That’s pretty much it for the memory and prompt building! Pretty simple right? Let’s look at how all this is put together by going over the chatbot class (docstrings are suppressed for brevity. See the file chatbot.py for more information):
class MyChat():
def __init__(
self,
model_name: str,
n_turns: int,
state_dir: str,
log_dir: str,
state_fname: str = "conversation_state.json",
log_fname: str = "chat_logs.jsonl",
api_key: str | None = None
):
if api_key:
self.lm = OpenAIChat(model_name, api_key=api_key)
else:
self.lm = LocalLM(model_name)
state_path = state_dir + state_fname
log_path = log_dir + log_fname
self.memory = ChatMemory()
self.memory.load(state_path)
self.n_turns = n_turns
self.state_path = state_path
self.log_path = log_path
def chat(
self,
user_message: str
) -> str:
prompt = build_prompt_with_history(
self.memory.last_n_turns(self.n_turns),
user_message
)
text = self.lm.generate_text(prompt)
reply = extract_assistant_reply(text)
self.memory.add_user(user_message)
self.memory.add_assistant(reply)
return reply
def respond(
self,
user_message: str,
chat_history: list | None
) -> tuple[list, str]:
if chat_history is None:
chat_history = []
chat_history.append({"role": "user", "content": user_message})
try:
reply = str(self.chat(user_message))
except Exception as e:
reply = f"[ERROR] {type(e).__name__}: {e}"
log_output(self.log_path, user_message, reply)
self.memory.save(self.state_path)
chat_history.append({"role": "assistant", "content": reply})
return chat_history
def clear_chat(self) -> list:
self.memory.clear_memory(self.state_path)
log_output(self.log_path, "Memory cleared", "")
return []
Looking at the constructor, we see that two different models are given as options for this chatbot: a local model (GPT-2) or a newer OpenAI API model.
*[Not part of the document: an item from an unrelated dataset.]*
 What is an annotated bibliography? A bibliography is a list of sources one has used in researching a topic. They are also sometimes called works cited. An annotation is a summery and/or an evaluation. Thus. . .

This class is not limited to these models and can be used for any model as long as the appropriate code is built to utilize it. After the proper paths for the logs are created, the memory class is initialized and the load method is called to load in previous states if they are available.
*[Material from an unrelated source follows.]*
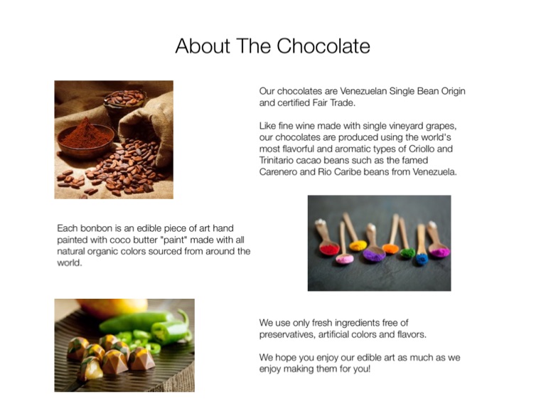Our chocolates are Venezuelan Single Bean Origin and certified Fair Trade.

The next method, called chat, is what builds the prompt. It calls the function build_prompt_with_history found in the prompts_utils.py file that we discussed earlier. From here, it passes the prompt to the language model and that generates a response. From that response, the function extracts the reply and adds the user question and the chatbot’s reply to memory. The reply is then outputted. The method that follows puts together all the functionality needed to utilize the chatbot. It takes a list of the chat history and appends the user and the user message to it. It then calls the chat method to get a response from the language model. This response and the user message are saved to the log file and the conversation state file. The final step is then to append the chatbot’s reply to the list that contains the chat history. Finally, the last method in this class is used to clear the chat history, which is to essentially start a fresh chat. This action is logged in the log file, as well.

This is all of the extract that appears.